# [Aim of the task]
The output should match, line for line, the records from the line containing "A BAAGL Dinoszauruszok" through the line containing "子佩集【紫宸瑶光】银S925", with every picture left out.

***** Records provided *****

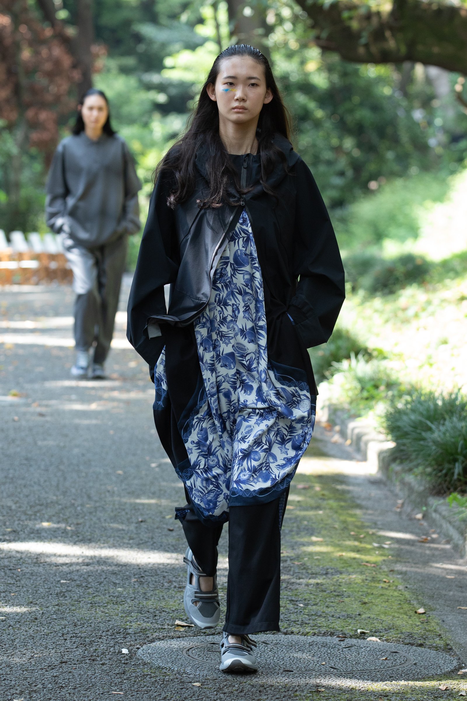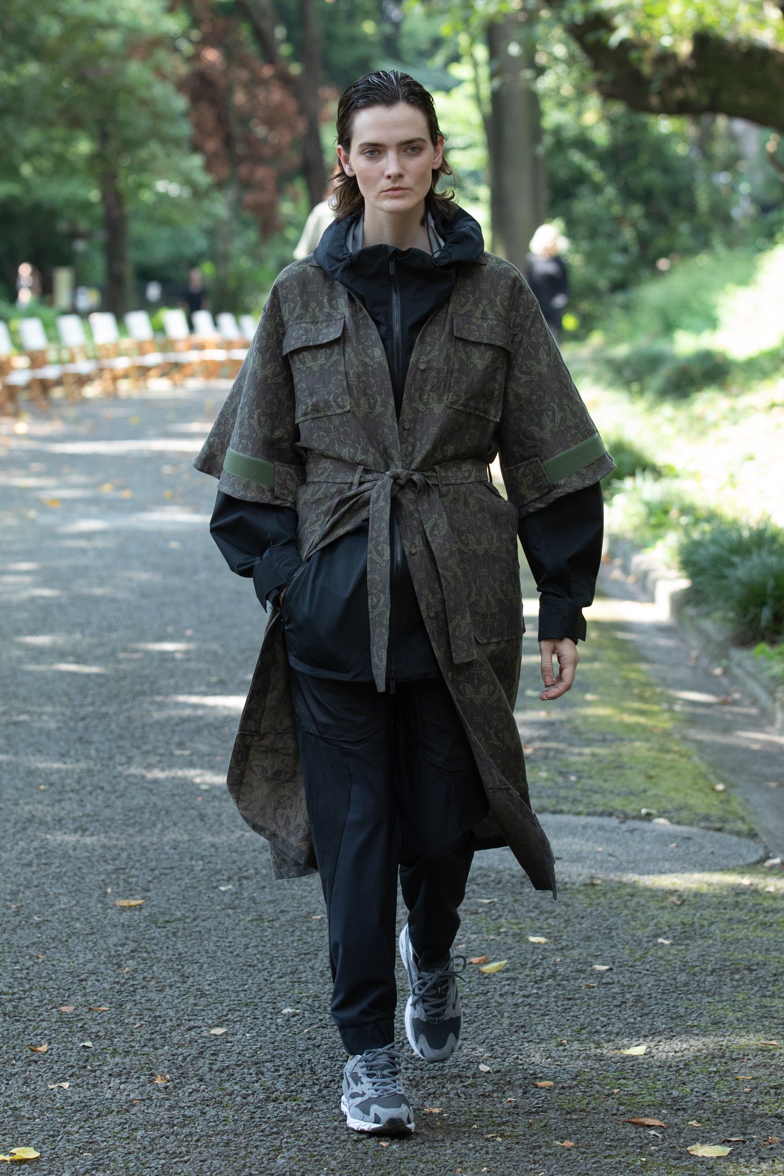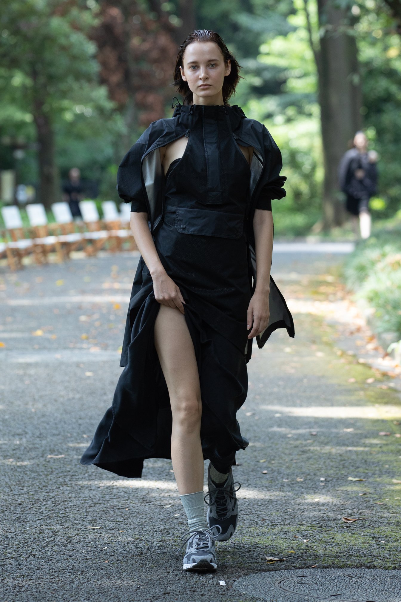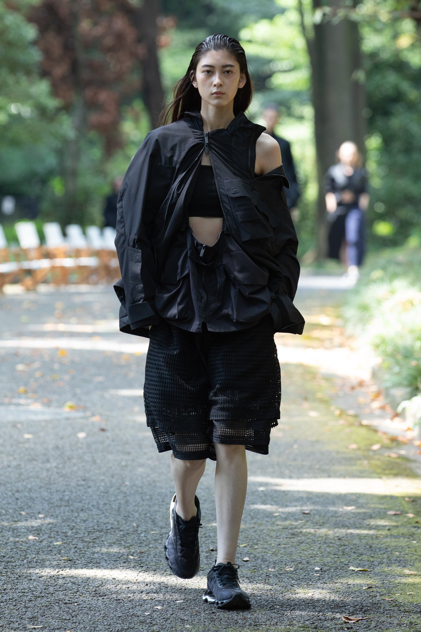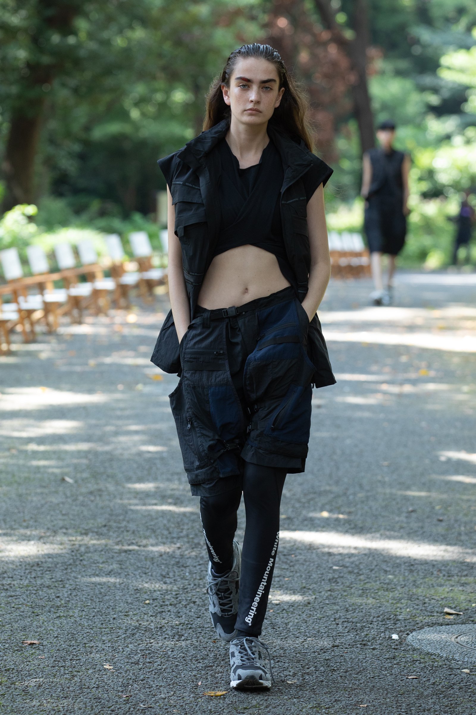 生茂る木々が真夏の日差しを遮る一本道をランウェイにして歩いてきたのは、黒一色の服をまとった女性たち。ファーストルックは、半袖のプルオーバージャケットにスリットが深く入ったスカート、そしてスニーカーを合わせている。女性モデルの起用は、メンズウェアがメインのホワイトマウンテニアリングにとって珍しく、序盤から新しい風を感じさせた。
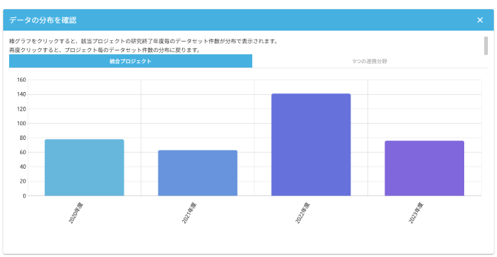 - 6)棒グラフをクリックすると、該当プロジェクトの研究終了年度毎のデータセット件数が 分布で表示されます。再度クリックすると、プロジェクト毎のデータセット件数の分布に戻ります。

*****
***** Records provided *****

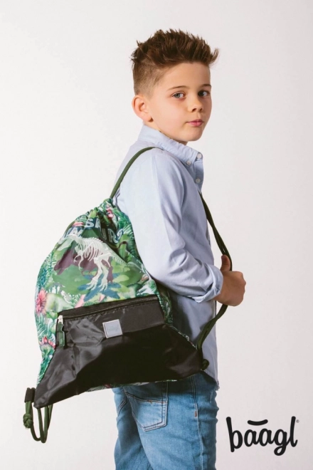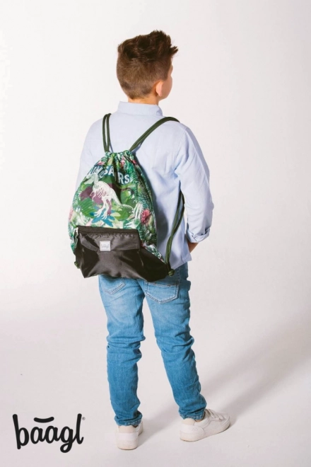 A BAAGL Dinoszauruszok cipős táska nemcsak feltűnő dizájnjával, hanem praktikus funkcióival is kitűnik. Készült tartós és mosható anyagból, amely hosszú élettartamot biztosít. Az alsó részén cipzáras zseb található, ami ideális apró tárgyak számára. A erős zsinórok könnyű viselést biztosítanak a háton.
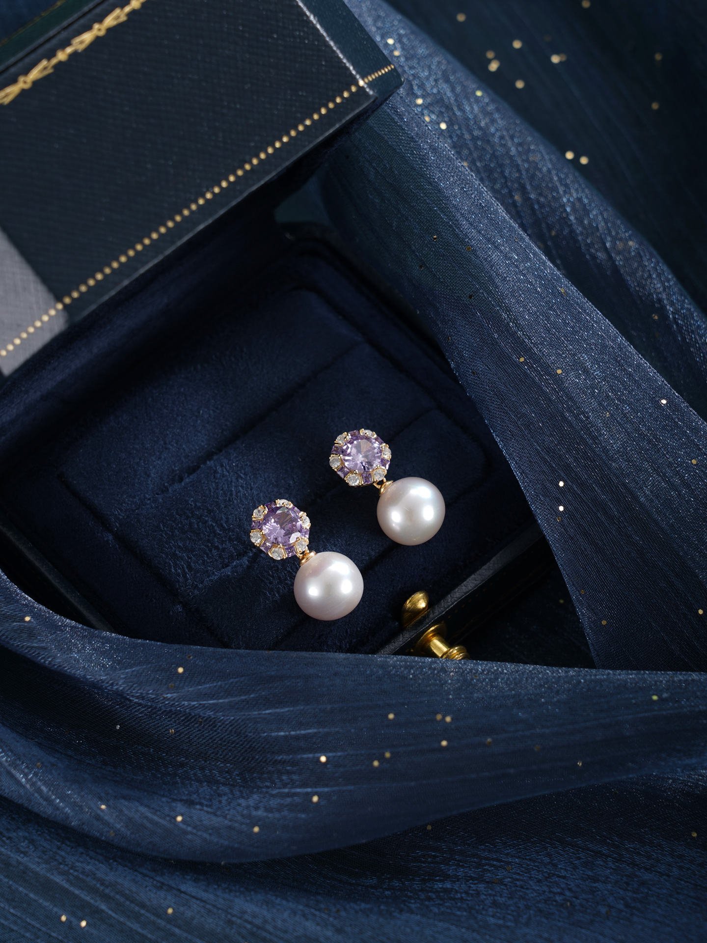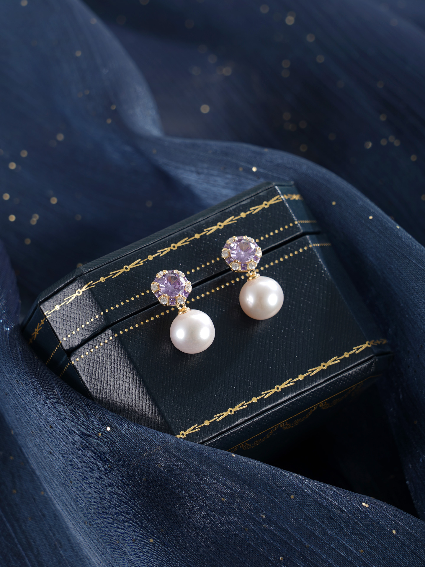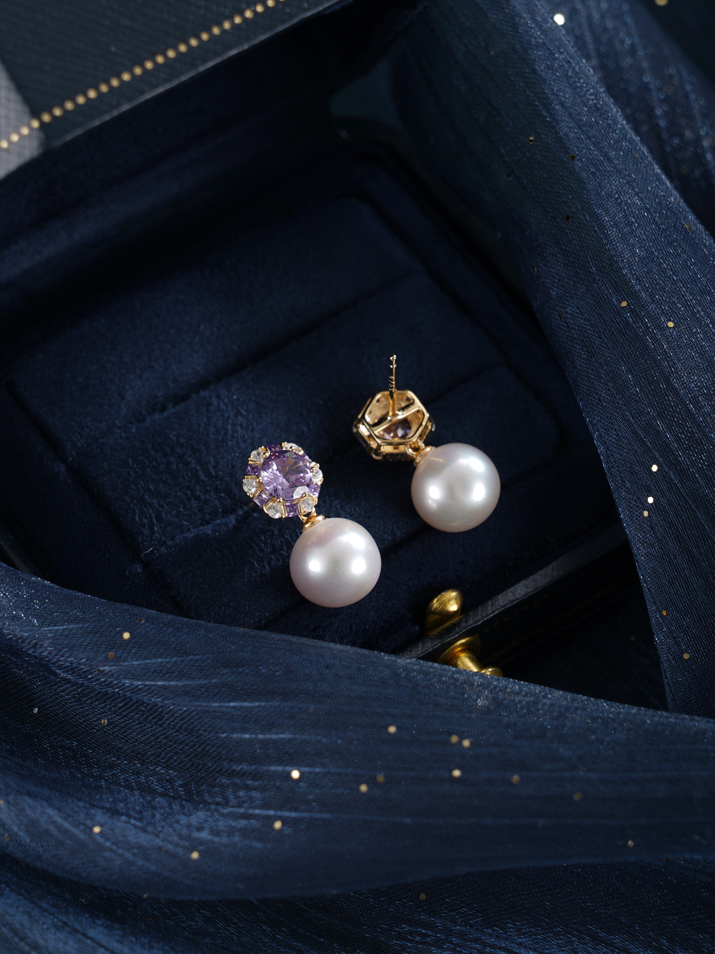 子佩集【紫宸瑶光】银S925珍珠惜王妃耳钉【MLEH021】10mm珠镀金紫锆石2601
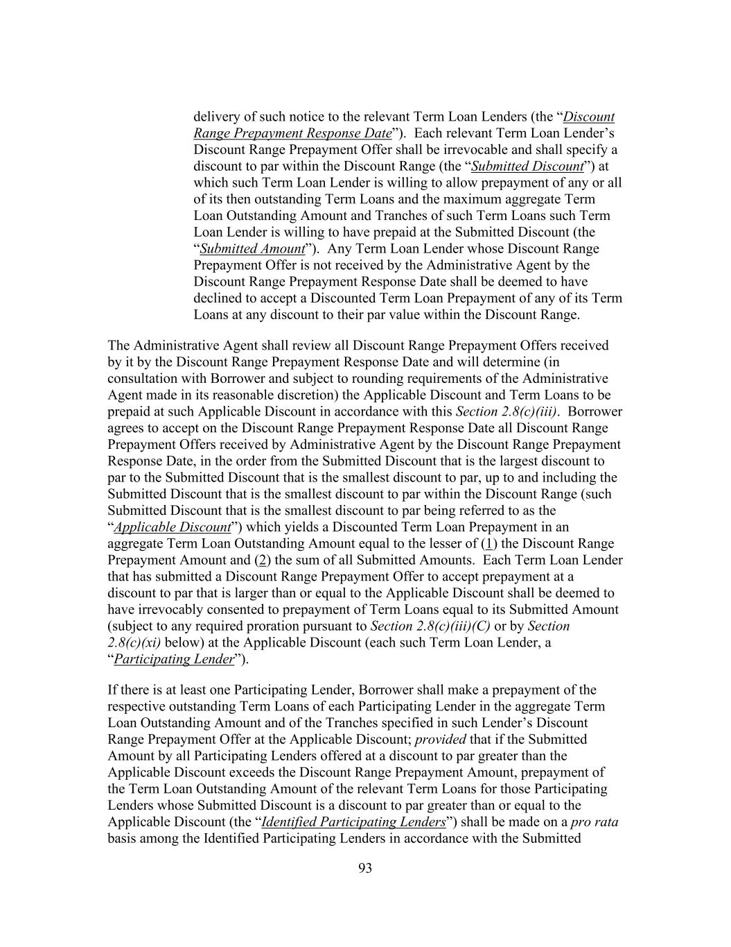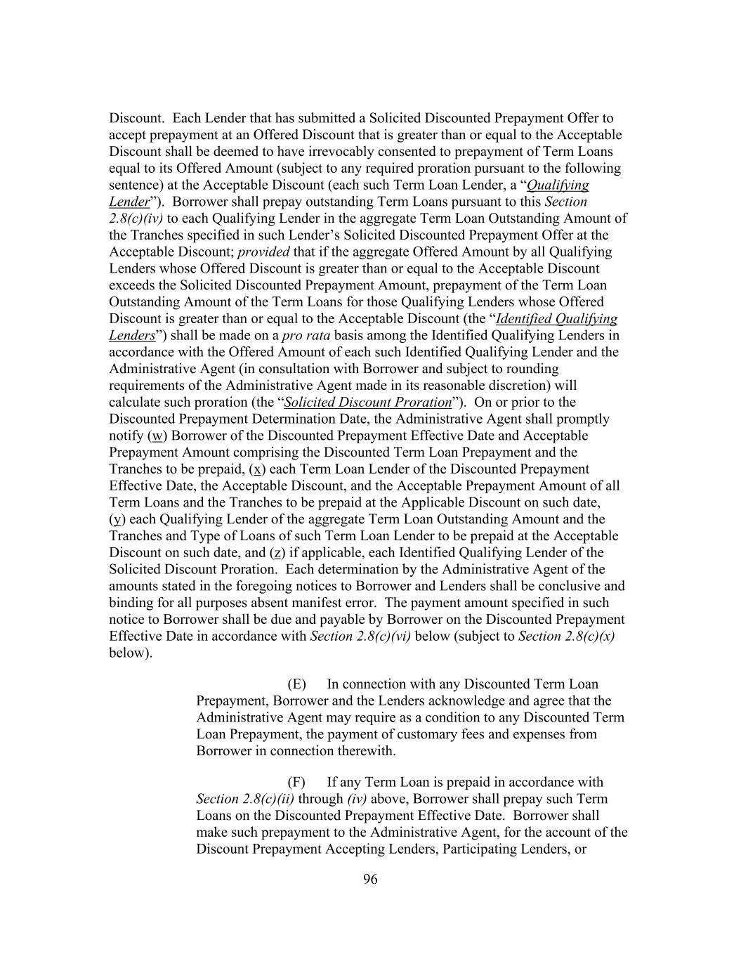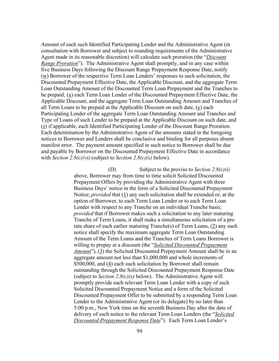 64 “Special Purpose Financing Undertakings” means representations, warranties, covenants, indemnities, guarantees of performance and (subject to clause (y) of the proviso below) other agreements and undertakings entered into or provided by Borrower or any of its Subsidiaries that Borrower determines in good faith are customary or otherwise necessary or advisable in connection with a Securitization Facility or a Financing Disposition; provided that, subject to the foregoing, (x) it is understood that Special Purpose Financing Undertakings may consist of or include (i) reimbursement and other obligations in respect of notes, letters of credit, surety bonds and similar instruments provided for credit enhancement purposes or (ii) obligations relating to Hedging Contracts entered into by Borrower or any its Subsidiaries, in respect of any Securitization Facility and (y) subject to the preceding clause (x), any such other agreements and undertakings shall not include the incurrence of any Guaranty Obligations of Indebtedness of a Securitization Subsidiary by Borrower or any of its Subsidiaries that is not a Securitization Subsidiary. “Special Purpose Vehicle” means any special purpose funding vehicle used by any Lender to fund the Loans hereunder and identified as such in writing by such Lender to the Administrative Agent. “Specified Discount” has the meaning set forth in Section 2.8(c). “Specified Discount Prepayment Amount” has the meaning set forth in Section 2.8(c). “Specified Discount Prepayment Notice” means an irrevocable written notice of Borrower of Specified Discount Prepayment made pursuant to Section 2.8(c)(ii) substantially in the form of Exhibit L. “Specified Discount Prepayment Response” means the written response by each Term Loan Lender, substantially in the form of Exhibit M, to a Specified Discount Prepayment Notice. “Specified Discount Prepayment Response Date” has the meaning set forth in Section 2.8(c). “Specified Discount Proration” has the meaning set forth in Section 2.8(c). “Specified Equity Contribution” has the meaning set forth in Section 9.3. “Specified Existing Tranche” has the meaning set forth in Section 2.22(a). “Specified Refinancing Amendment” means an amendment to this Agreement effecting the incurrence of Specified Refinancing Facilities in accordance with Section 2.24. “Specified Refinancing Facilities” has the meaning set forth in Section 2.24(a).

*****
***** Records provided *****

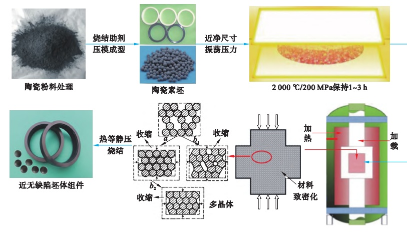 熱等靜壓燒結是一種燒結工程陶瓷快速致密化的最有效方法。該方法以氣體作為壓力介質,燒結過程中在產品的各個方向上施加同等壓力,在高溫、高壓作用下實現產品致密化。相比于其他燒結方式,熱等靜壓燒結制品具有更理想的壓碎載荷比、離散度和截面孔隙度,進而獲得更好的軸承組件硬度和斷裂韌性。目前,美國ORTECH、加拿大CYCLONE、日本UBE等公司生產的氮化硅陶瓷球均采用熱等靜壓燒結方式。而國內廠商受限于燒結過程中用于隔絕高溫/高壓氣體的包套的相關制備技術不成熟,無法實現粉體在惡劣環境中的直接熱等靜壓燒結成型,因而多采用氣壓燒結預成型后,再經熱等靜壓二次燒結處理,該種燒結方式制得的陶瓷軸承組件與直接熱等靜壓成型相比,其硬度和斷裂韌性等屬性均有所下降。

*****

# [Written reply]
 A BAAGL Dinoszauruszok cipős táska nemcsak feltűnő dizájnjával, hanem praktikus funkcióival is kitűnik. Készült tartós és mosható anyagból, amely hosszú élettartamot biztosít. Az alsó részén cipzáras zseb található, ami ideális apró tárgyak számára. A erős zsinórok könnyű viselést biztosítanak a háton.
 子佩集【紫宸瑶光】银S925珍珠惜王妃耳钉【MLEH021】10mm珠镀金紫锆石2601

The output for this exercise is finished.